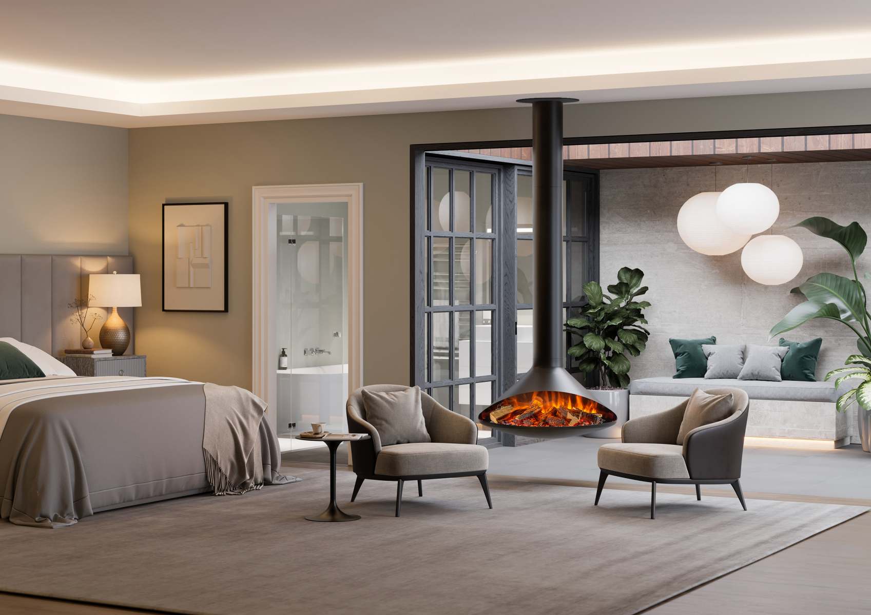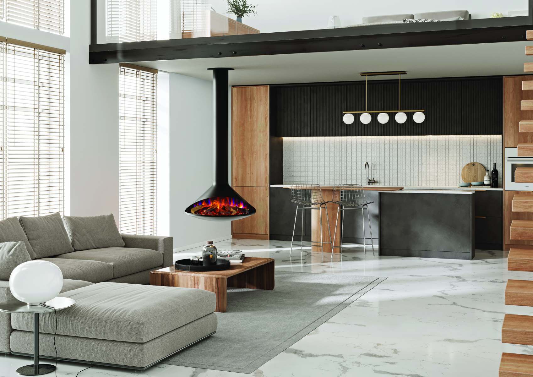 - Ceiling-hung fire
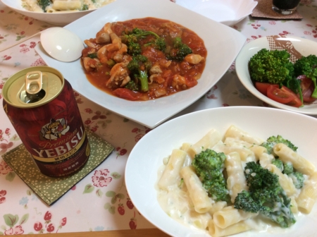 ブロッコリと鶏肉のトマト煮、ブロッコリのサラダを作りました。
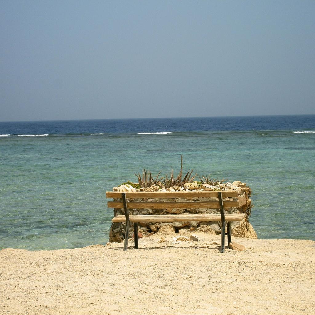 Обои Лавка на пляже на курорте Эль Кусейр, Египет
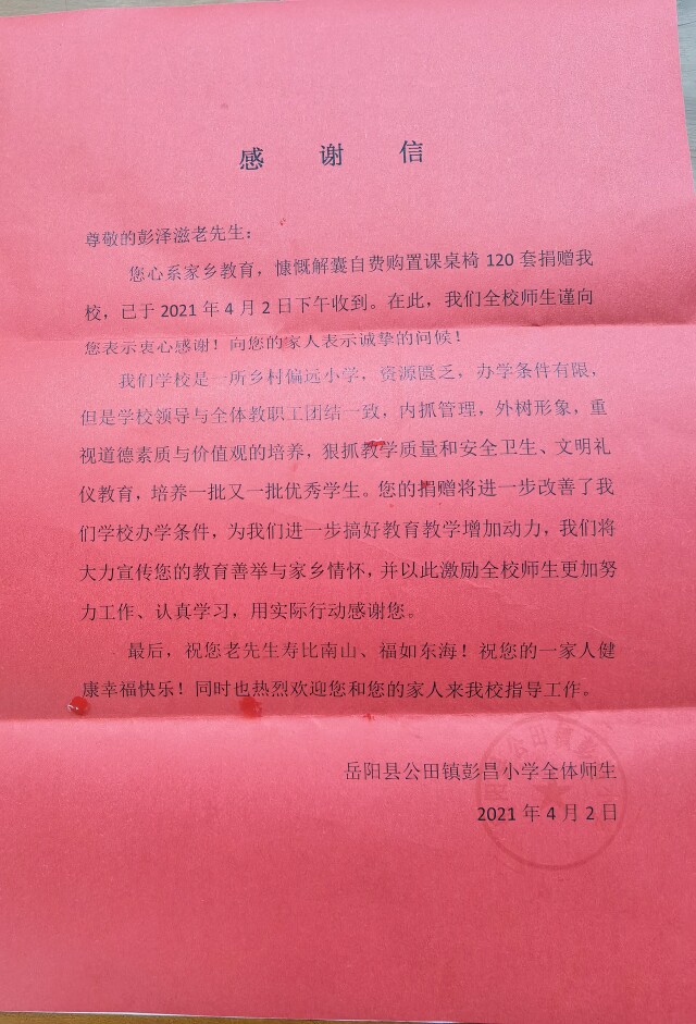 (湖南日报·新湖南客户端记者 周倜 通讯员 田瑶 潘硕)“彭泽滋老先生心系家乡教育,慷慨解囊自费购置课桌椅120套捐赠beat365,已于4月2日收到……”
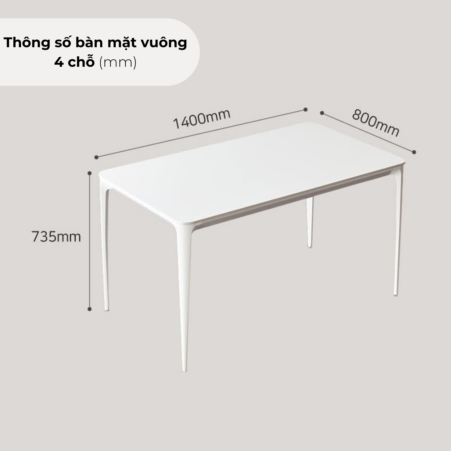 Dài 1400 x Rộng 800 x Cao 735 (mm) - Mặt bàn vuông - 4 chỗ
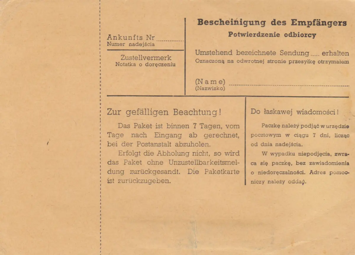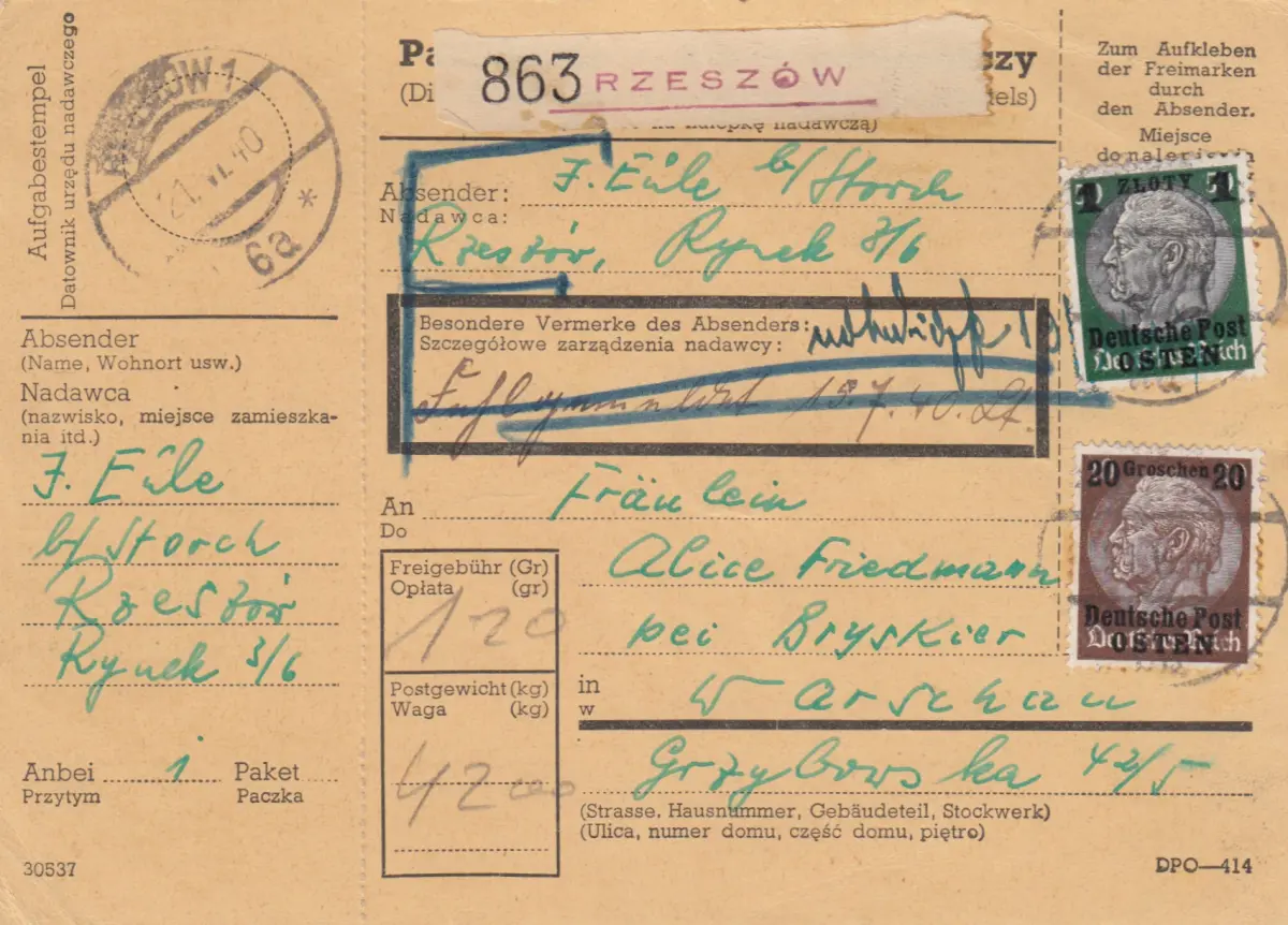 GG Inlandspaketkarte Rzeszow nach Warschau, Fehlgemeldet
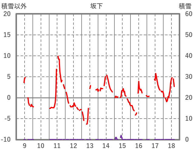 | 日 | 時 | 気温 | 降水 | 風向/風速 | 日照 | 積雪 | 降雪 |
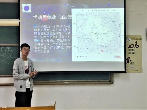 活动开始前,张韫东及社团干事进行了充分地准备。活动开始先由王扬进行 “群星点点入梦来”的宣讲,王扬先介绍了本次宣讲的组成具体星座介绍、天文学学术知识介绍和具体天体介绍,随后介绍了人马座、白羊座等星座并分享了有关他们由来的故事。接着王扬分享了星云、黄道及夏季大三角等天文学学术知识,并配合图片进行了深入地讲解。随后黄昊以“起源于神话的壮丽”为题进行宣讲,通过古希腊关于众神的神话介绍了仙后座、仙王座等星座的所处位置、形状、运行轨迹及组成。最后,王扬对本次宣讲的内容进行了提问,同学们积极回答,反响热烈。
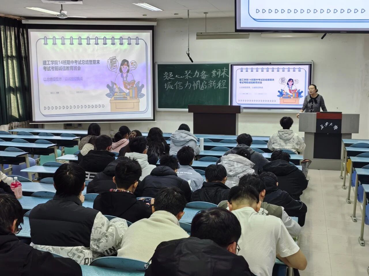 班长冯宇帆作《以诚信为帆,向期末启航》动员,引导同学化压力为动力。团支书于佳琪整合课程资料与学习平台,形成班级备考资源库并提供阶段复习建议,夯实支持网络。屈锦旭则结合学习经验,从时间规划、难点攻克、记忆与应试策略等多方面分享实用备考技巧,为同学们优化复习方案提供参考。
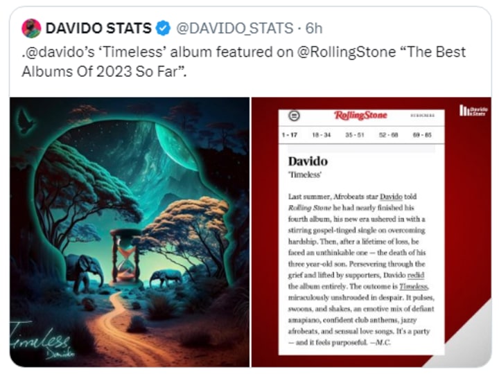 Today has definitely been an up and down rollercoaster for the singer: from being dragged to being celebrated again within 24 hours. Wow! Congratulations to Davido on Timeless making the Rolling Stones' list.
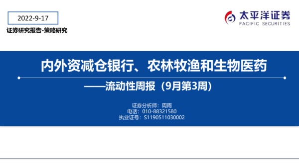 【太平洋证券】【20220917】流动性周报(9月第3周):内外资减仓银行、农林牧渔和生物医药-19页
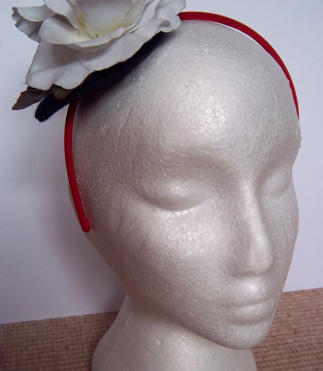 Handmade fascinator with woolen fabric base and large vintage fake flower. Perfect for weddings and parties. Alice band is a standard size. Any questions, please ask.
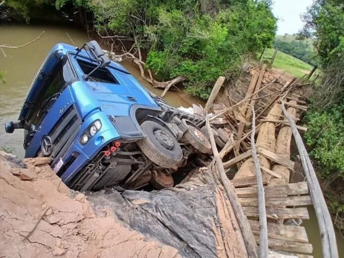 Segundo a Polícia Militar, a estrutura da ponte não resistiu ao peso do caminhão e quebrou, fazendo o veículo despencar. Ninguém ficou ferido.
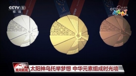 再來看圖案。獎牌正面設(shè)計賦予“太陽神鳥”羽翼幾何感,與賽會會徽“U”呼應(yīng),猶如神鳥振翅欲飛,寓意守護夢想,自信昂揚,飛往多彩未來。同時,在幾何扇面嵌入一塊包含多種中華文明代表元素為底紋的絢麗時光墻,以呈現(xiàn)中國五千年文明的璀璨輝煌和演變歷史。
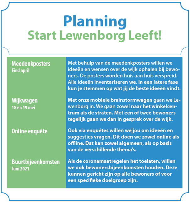 Om ‘Lewenborg Leeft!’ tot een succes te maken, is jouw inbreng als bewoner onmisbaar. Op allerlei mogelijke manieren gaan we jou de komende tijd hiervoor benaderen. Om zo jouw ideeën en suggesties te leren kennen. Hoe we dat onder meer gaan doen, zie je in onderstaande planning.
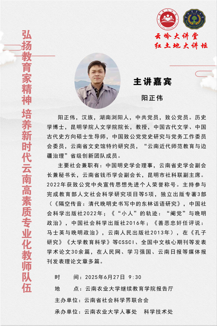 6月27日云岭大讲堂:弘扬教育家精神 培养新时代云南高素质专业化教师队伍
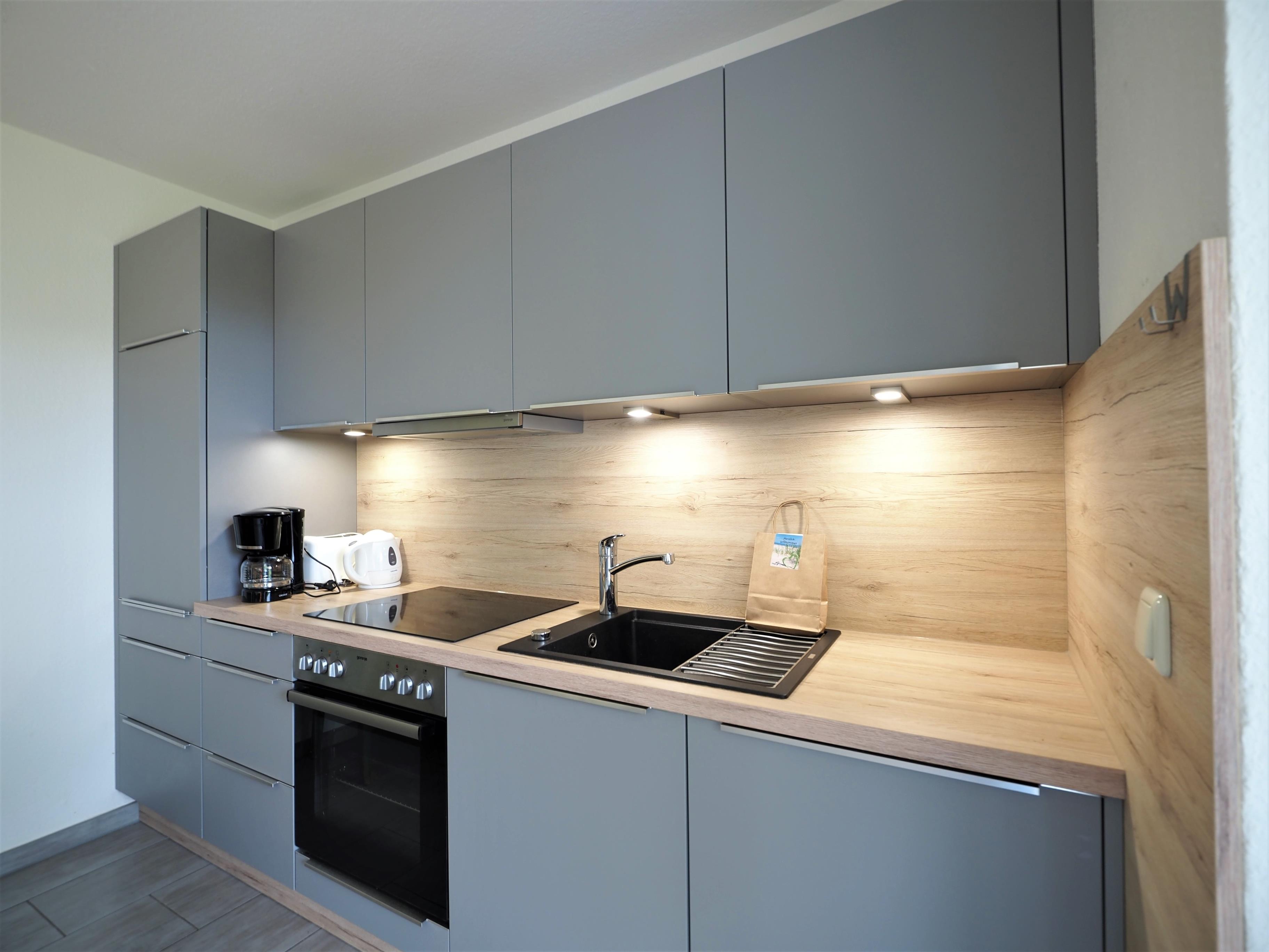 Die gut ausgestattete Küche besitzt unter anderem einen Kühlschrank, einen Herd zum Kochen und sogar eine Spülmaschine.

━━━

Starting at the line with "Om ‘Lewenborg Leeft!’" and stopping at the final line of the material, reproduce each line exactly, both ends included. Leave the pictures out.

 Om ‘Lewenborg Leeft!’ tot een succes te maken, is jouw inbreng als bewoner onmisbaar. Op allerlei mogelijke manieren gaan we jou de komende tijd hiervoor benaderen. Om zo jouw ideeën en suggesties te leren kennen. Hoe we dat onder meer gaan doen, zie je in onderstaande planning.
 6月27日云岭大讲堂:弘扬教育家精神 培养新时代云南高素质专业化教师队伍
 Die gut ausgestattete Küche besitzt unter anderem einen Kühlschrank, einen Herd zum Kochen und sogar eine Spülmaschine.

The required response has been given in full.